Let f(x) := x^2 - x + 41, x = 1, k = 2, a = 3 .
Repeat indefinitely a two-step process:
x := x + 1,
If GCD( x^2 - x + 41, (x-1)^2 - (x - 1) + 41 - a* k ) >1,
then k := k + 1;

The first 20 values of the sequence that do not equal '1' are:
47, 227, 71, 359, 113, 563, 173, 839, 251,1187,347, 1607,
461,2099,593, 2663, 743,
3299, 911,4007

Many other values for the 'a' variable above, perhaps infinitely
many, (but not all)
may be substituted in the formula and produce long initial prime
chains.
for a = 3 : 3237 consecutive primes,
a = 2 : 736
a = 4 : 817
a = 5 : 858
a = 6 : 161
a = 7 : 1159
a = 8 : 221
a = 9 : 284
a = 10 : 1276 etc.

Many other equations, perhaps infinitely many, (but not all) may be
substituted
for x^2 - x + 1 in the given formula, or a more complicated
development of that formula,
with good results. Example: f(x):= 5*x^2 + 5*x + 1, x = 1,
k = 2, a = 10 : 553 consecutive primes, 276 distinct primes.

Aldrich Stevens

Anonymous said...

Just found this site and am trying to convert the code into "J".

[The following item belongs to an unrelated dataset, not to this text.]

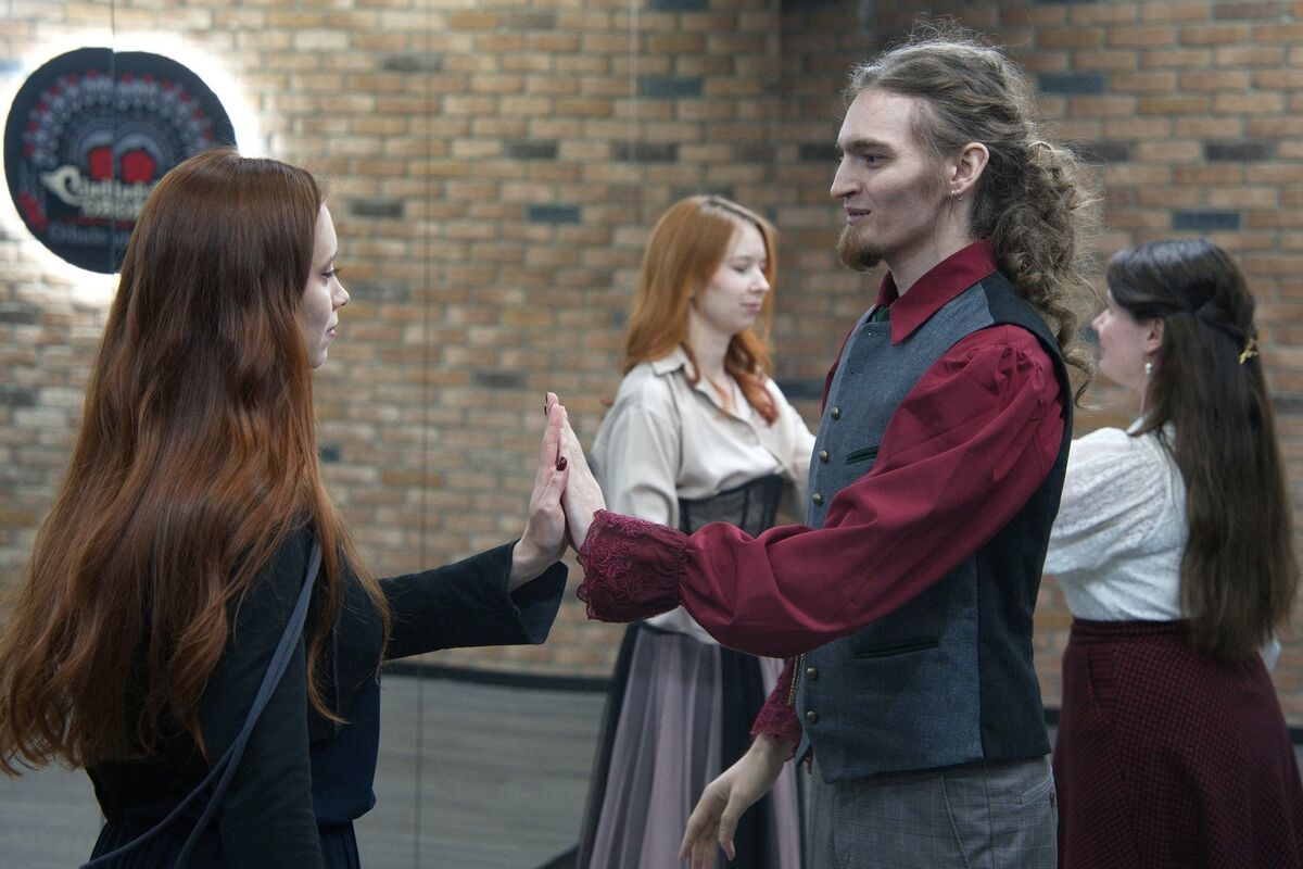 Несмотря на мороз, в студии на репетицию перед балом собираются люди - пока еще в скромных нарядах. Для бала, как для косплея, многие приготовят что-то особенное. Например, девушки мечтательно закатывают глаза, когда речь заходит о юбках с кринолином. Хотя уже сейчас все похожи на сказочных персонажей: мужчины в кружевах, дамы в декоративных корсетах и замысловатых юбках. Конечно, бал будет не просто средневековым, а с оттенком колдовства и фэнтези.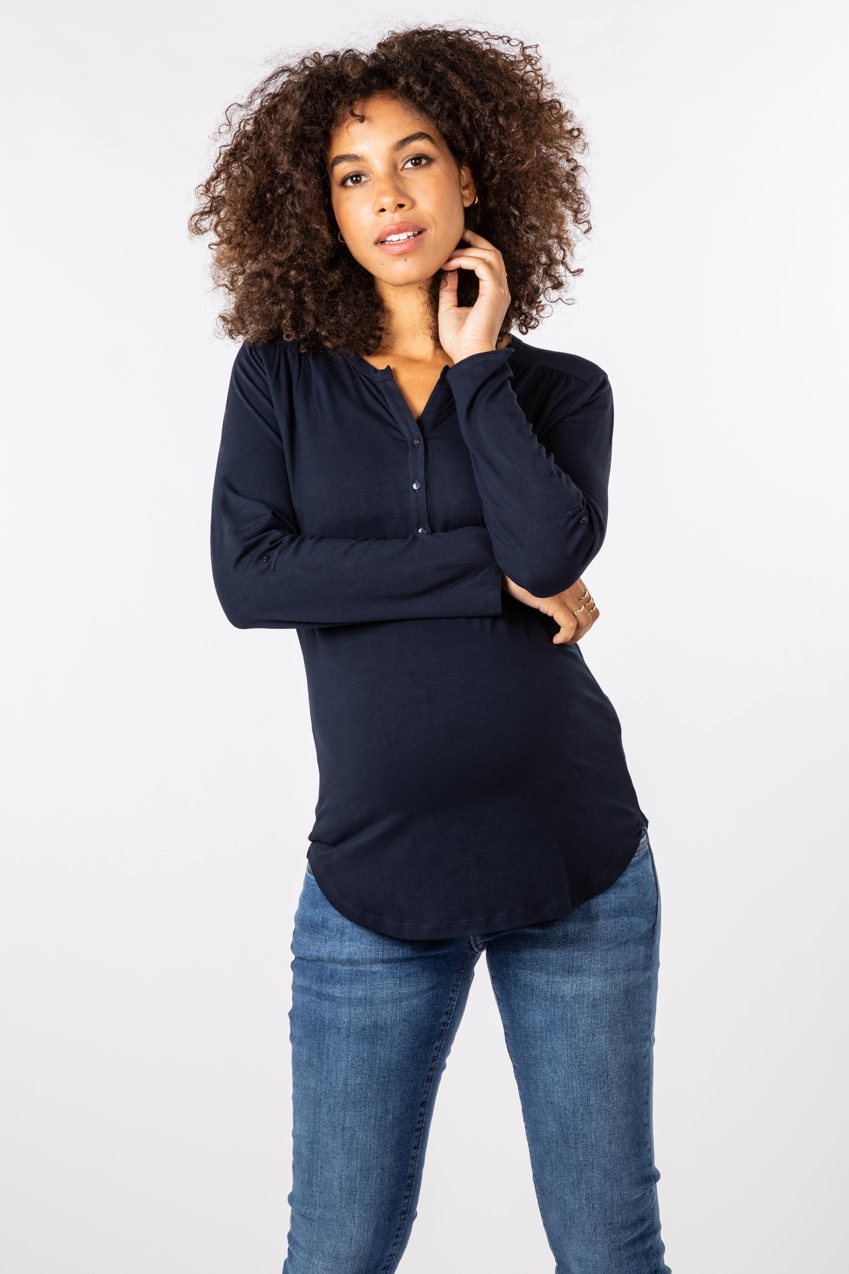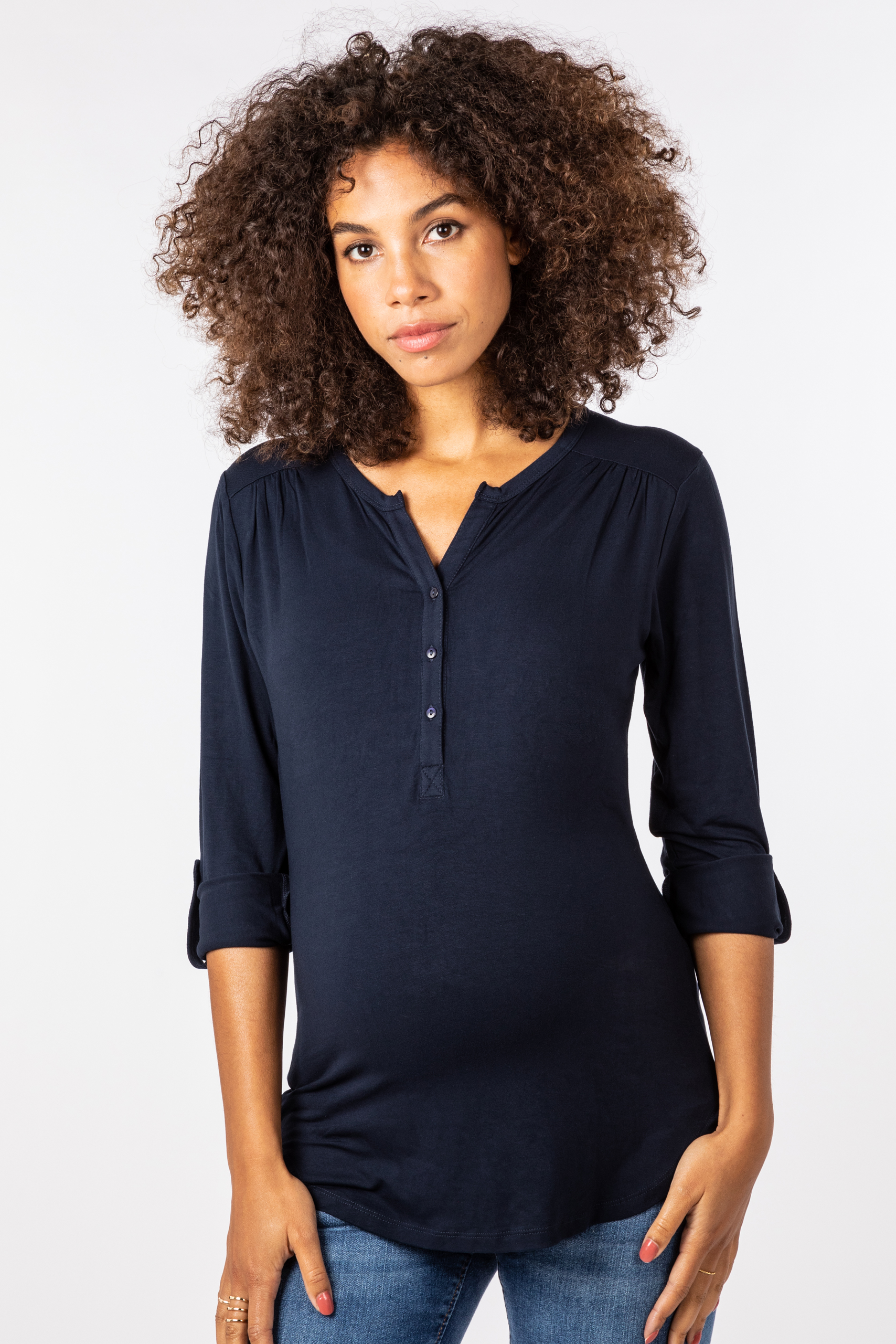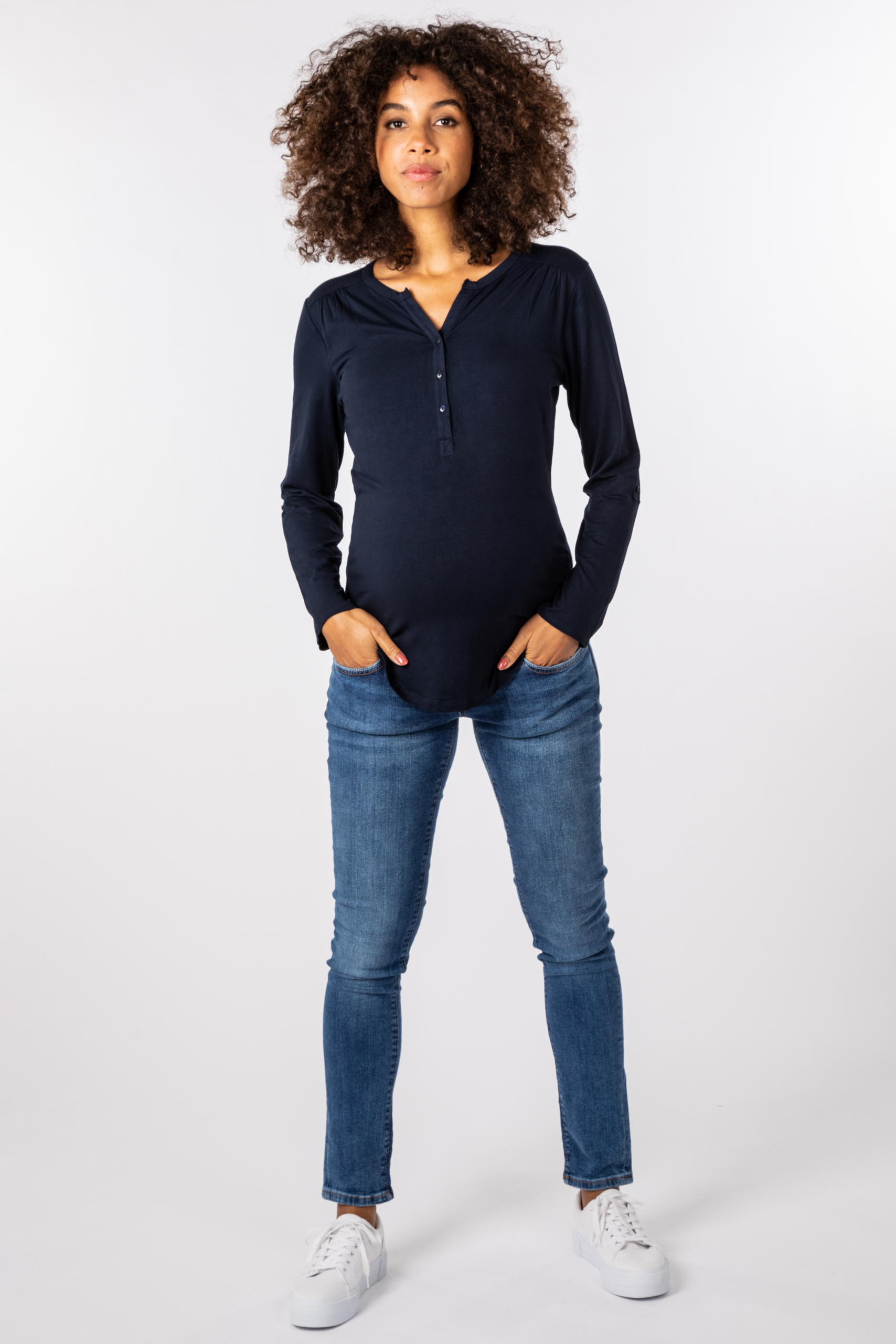 Henley Umstands- und Stillshirt mit Blockärmeln zum Hochkrempeln, V-Ausschnitt mit Knopfleiste und integriertem Bustier. Dieses sorgt für zusätzlichen Halt der Brust und ermöglicht durch die weitere Lage Stoff, Sichtschutz und einen diskreten Still-Zugang. Der weiche, elastische Stoff und smarte Schnitt machen das Shirt zu einem idealen Begleiter in der Schwangerschaft, Stillzeit und auch in der Zeit danach. Farbe: Navy

In "J" (not java) you would write the following for GCD:

x +. y

So as an example:

x: 147573952589676412927 +. 761838257287

will return

761838257287

Buy the way:

1 - 2^67 is 147573952589676412927

and factors to the following numbers of:

193707721 761838257287

Anonymous said...

You said Benoit Cloitre proved his prime-generating formula. Did Benoit Cloitre proved his prime-generating formula? Eric Rowland said he did not in this presentation on the last page: http://thales.math.uqam.ca/~rowland/talks/Formulas_for_primes.pdf

Jeffrey Shallit said...

Why don't you just ask him, instead of me?

Unknown said...

Define the following sequence (given using Haskell syntax).

r 2 = 1
r n = (n-1 - (n-2)*(signum ((gcd x (n-1)) - 1))) * x
where x = r (n-1)

Then (r (n+1)) / (r n) is always 1 or a prime for n >= 2. Furthermore the sequence contains all the prime numbers in increasing order. Is this related in some way?